### ABOUT THIS EXERCISE
From the first line of the records below through the line with "Муми-мама усадила Муми-тролля", output each line exactly; skip the pictures.

################

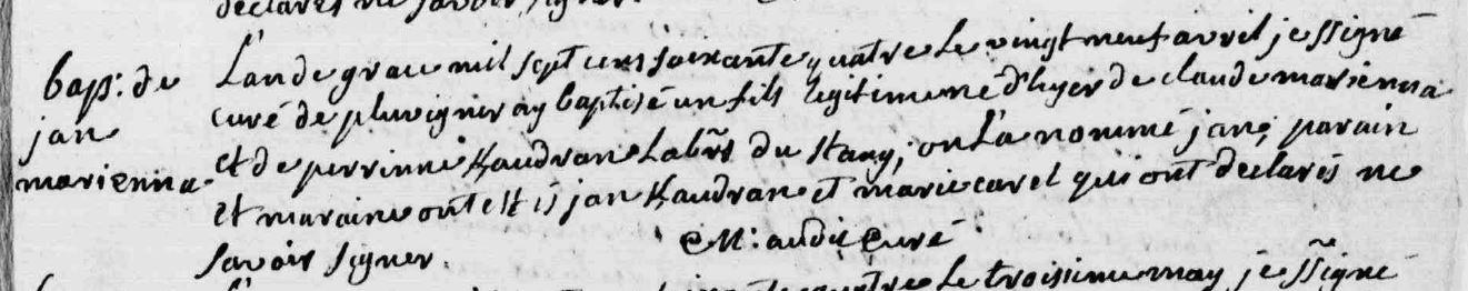 | Baptême MARIENNA Jean - 1764 - Pluvigner |
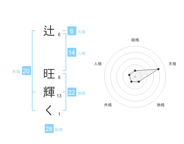 辻 旺輝くさんを姓名の画数から五運を鑑定
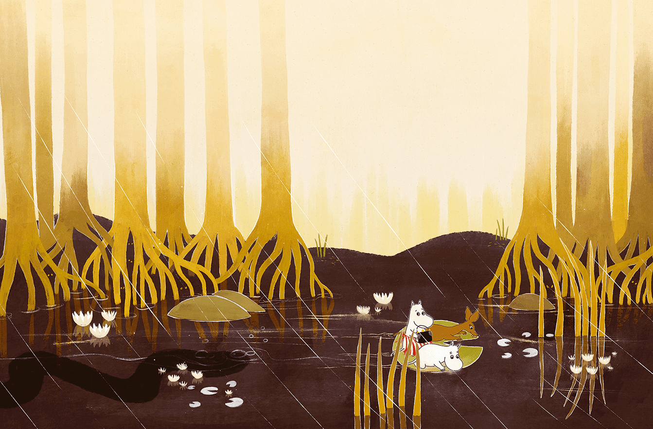 Муми-мама усадила Муми-тролля и Сниффа на большой лист кувшинки. Потом все трое опустили хвосты в воду и принялись грести ими как вёслами.
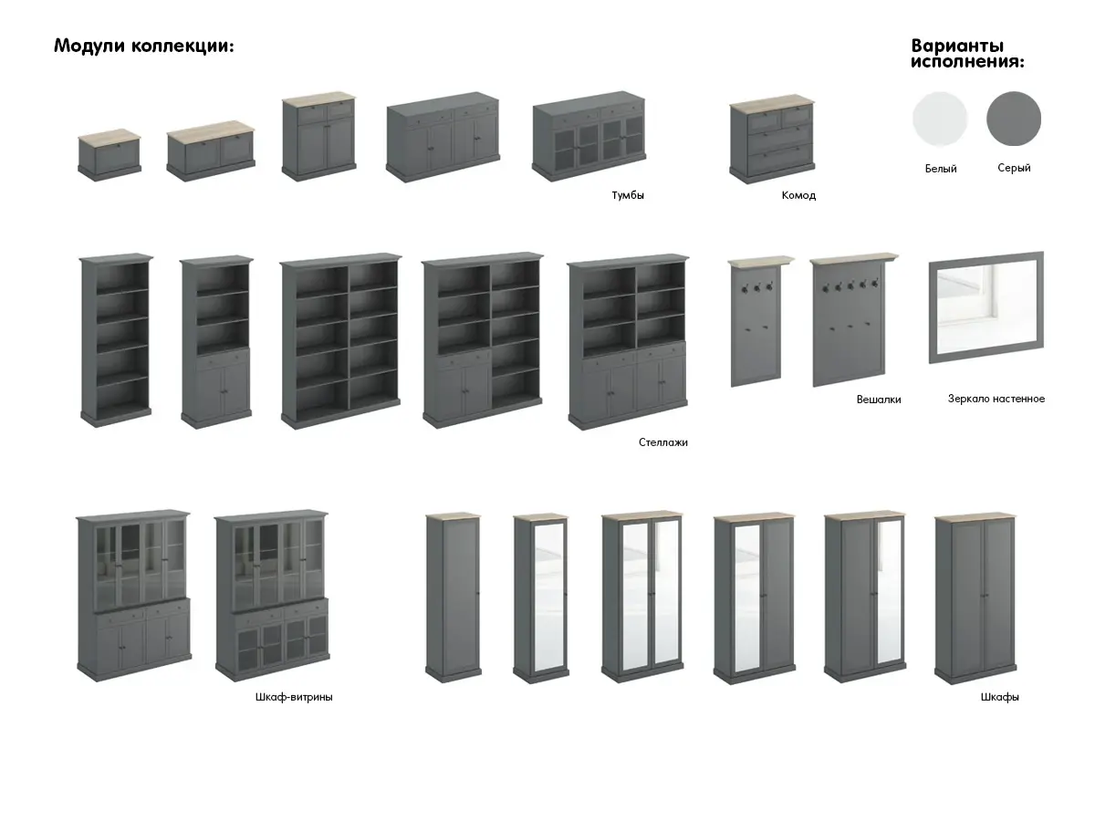 Комбинированные стеллажи с открытыми полками и закрытыми ящиками подходят для документов, техники, косметики, предметов творчества. Открытые стеллажи, удлиненные тумбы можно использовать для зонирования. В шкафу-витрине со стеклянными дверями гармонично будет смотреться как коллекция посуды ручного производства, так и домашняя библиотека. Модели в белом цвете наполнят пространство свежестью, воздушностью, дружелюбной атмосферой. Композиции в сером будут выделяться на светлом фоне, поддержат строгую и сдержанную аранжировку в скандинавской эстетике. Предметы Caprio отличаются продуманным содержанием и сбалансированным внешним видом. Поэтому впишутся как в просторные помещения, так и в компактные интерьеры в стилистике минимализма, сканди, прованса, эклектики.
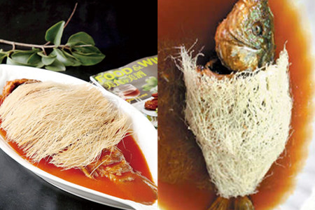鲤鱼焙面则是久负盛名的一道著名豫菜。河南大厨有幸为慈禧太后和光绪皇帝烹饪此菜,慈禧太后玩心大发,把焙面盖在鱼身上的做法被很多人模仿烹饪。鲤鱼焙面精选流经开封的黄河河段出产的鲤鱼,油锅炸,用白糖、姜末、料酒等调料调味,大火收汁浇勾芡,铺上用油炸过后的拉面,鱼儿仿佛熟睡一般,酸甜酸甜,欲罢不能。
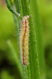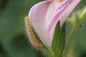 Die oben gezeigten Raupenfunde der Lepiforumsfreunde betreffen Ononis repens (Fabaceae), Euphrasia officinalis (Orobanchaceae), Lavandula sp. (Lamiaceae) und Rhododendron tomentosum (Ericaceae). Vergleicht man das mit der langen Liste von Gielis (1996: 48) fällt auf dass die Raupe nicht einfach "alles" frisst, sondern dass das Ganze schon System hat: mit Ononis repens, Ononis spinosa und Ononis natrix werden bei den Fabaceae die gleiche Art und weitere Arten der gleichen Gattung angeführt - keine Arten anderer Gattungen. Bei den Orobanchaceae wird mit Euphrasia sp. die gleiche Gattung genannt, dazu nur noch "Bartsia sp.". Bei den Lamiaceae wird mit Lavandula stoechas ebenfalls ein Lavendel angeführt, dazu noch Stachys sylvatica, Teucrium scorodonia, Clinopodium nepeta, Nepeta sp., Salvia sp. und Mentha sp. und bei den Ericaceae finden sich Angaben zu Calluna vulgaris, Erica tetralix und Vaccinium oxycoccos. Dazu kommen nur noch Angaben zu 4 weiteren Arten aus drei weiteren Pflanzenfamilien: Chenopodium sp. (Amaranthaceae), Geranium robertianum (Geraniaceae), Carlina sp. und Jurinea sp. (Asteraceae). Alle Angaben zu jenen drei Familien finden sich schon in der Sekundärliteratur von Mitterberger (1912), sind also sehr alt und keineswegs sicher.

################

### PROBLEM SOLUTION
 | Baptême MARIENNA Jean - 1764 - Pluvigner |
 辻 旺輝くさんを姓名の画数から五運を鑑定
 Муми-мама усадила Муми-тролля и Сниффа на большой лист кувшинки. Потом все трое опустили хвосты в воду и принялись грести ими как вёслами.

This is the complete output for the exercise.